Но доверие все одно было подорвано. Люди стали бояться, капитаны напрочь отказались от пьянки, а Кортес по два раза в ночь проверял караулы. И лишь когда примчался гонец с известием о возвращении судов с Кубы целыми и невредимыми и — более того — с новостями, все с облегчением вздохнули.

* * *

До вождей смысл рассказанного гонцом дошел не сразу.

— Как это Тисапансинго пал?!

— Это так, — склонился потный, тяжело дышащий гонец. — Вот письмо.

Члены совета кинулись читать послание одного из ушедших в горы жрецов, а Мотекусома расстелил карту.

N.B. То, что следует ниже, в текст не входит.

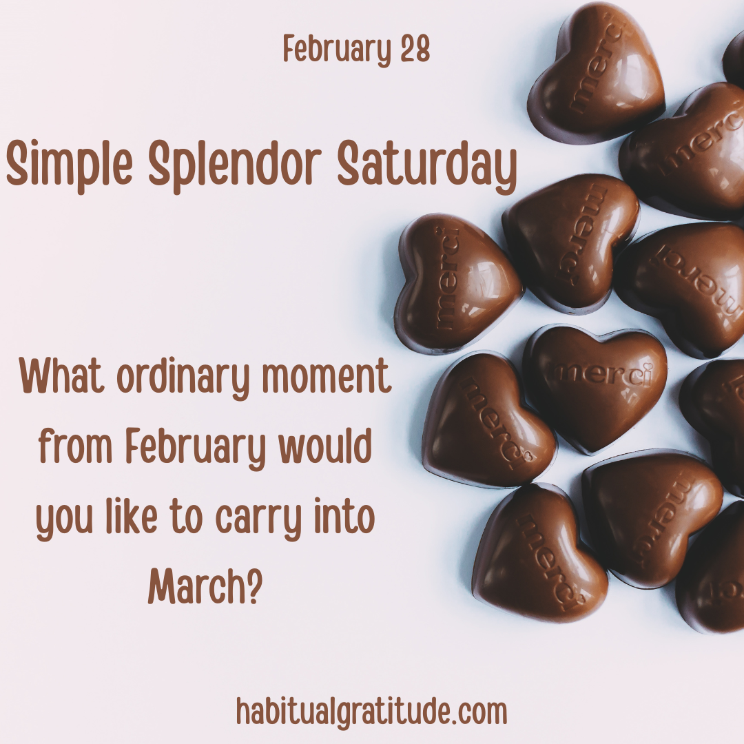 What ordinary moment from February would you like to carry into March? Feb 28 Written By Claire Sinclair Simple Splendor Saturday question of the daysimple splendor satrudayfebruary momentscarry into marchmarchlast day of the month Claire Sinclair

Теперь столь трудно создававшийся его предками Союз был отрезан от моря двумя враждебными провинциями.

— Они уже у самых наших границ! — завопили вожди. — Мотекусома! Ты слышишь?!

— Да.

— Надо немедленно напасть! Тлатоани! Почему ты молчишь?!

Мотекусома поднял голову.

— Что пишет жрец? Породнился ли Тисапансинго с кастиланами?

— Да… — растерянно проронил Верховный судья. — Они отдали кастиланам восьмерых дочерей…

— Тогда уже поздно, — снова склонился над картой Мотекусома.

— Почему?!

— Потому что через кастилан Тисапансинго породнился и с Семпоалой, и с тотонаками. Теперь это союз четырех племен.

Вожди замерли. Ужас происходящего доходил до них с трудом.

— Теперь нам негде разместить войска, чтобы напасть всеми силами и внезапно, — внимательно рассматривая карту, произнес Мотекусома. — А значит, восьми тысяч воинов мало.

— Почему?

— Потому что только в Семпоале — столько же воинов. А есть еще и тотонаки, а теперь еще и Тисапансинго. Но главное, кастилане уже почти достроили крепость. Мы опоздали.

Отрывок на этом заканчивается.